Donald Trump was a fierce critic of the 2015 Iran nuclear deal negotiated under Barack Obama. Because of it, he said in 2018, “In just a short period of time, the world’s leading state sponsor of terror will be on the cusp of acquiring the world’s most dangerous weapons.”
He pulled the plug, and what a difference it made. Last Thursday, a group of 40 nuclear arms experts issued a statement estimating that today, Tehran would need only a week or two to produce enough weapons-grade uranium to make a bomb. Under the agreement, it would have taken a year.
That’s because the Joint Comprehensive Plan of Action required the Tehran regime to scrap 13,000 centrifuges, strictly limit enrichment, ship out 97% of its spent nuclear fuel and more. It stipulated that “under no circumstances will Iran ever seek, develop or acquire any nuclear weapons.”
Obama’s critics had predicted Iran would not fulfill its obligations — but the International Atomic Energy Agency repeatedly certified that Iran had done what the deal required. Even as he was renouncing the agreement, Trump was unable to identify any violations. His own administration had certified Iran’s compliance.

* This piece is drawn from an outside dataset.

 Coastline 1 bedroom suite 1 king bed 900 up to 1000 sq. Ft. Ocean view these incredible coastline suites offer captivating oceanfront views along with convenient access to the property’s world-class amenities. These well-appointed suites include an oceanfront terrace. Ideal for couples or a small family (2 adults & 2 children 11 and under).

After the U.S. reneged on its commitment, though, Iran proceeded to do likewise. Since Trump’s withdrawal, it has boosted its uranium enrichment, denied international inspectors access to surveillance videos and installed advanced centrifuges, all in violation of the accord.

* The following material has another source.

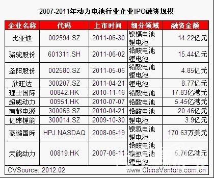 表3 2007-2011年動力電池行業(yè)企業(yè)IPO融資規(guī)模

This was not what Trump promised. He assured Americans that “we will be working with our allies to find a real, comprehensive and lasting solution to the Iranian nuclear threat” and that Iran would soon capitulate under the pain of new sanctions. It should surprise no one to find that he was talking nonsense.
Those allies strenuously objected to his withdrawal. In a joint statement, the governments of Germany, France and Britain, all parties to the deal, expressed “regret and concern” and declared, “We emphasize our continuing commitment to the JCPOA.” Nor did the sanctions force Iran to come crawling back, begging for mercy.
Opponents of the deal said that because various provisions only lasted for 10 or 15 years, Iran would eventually be able to acquire the bomb. But Trump only speeded up the process. His policy was the equivalent of a cancer patient rejecting a proven treatment because the cancer might someday recur.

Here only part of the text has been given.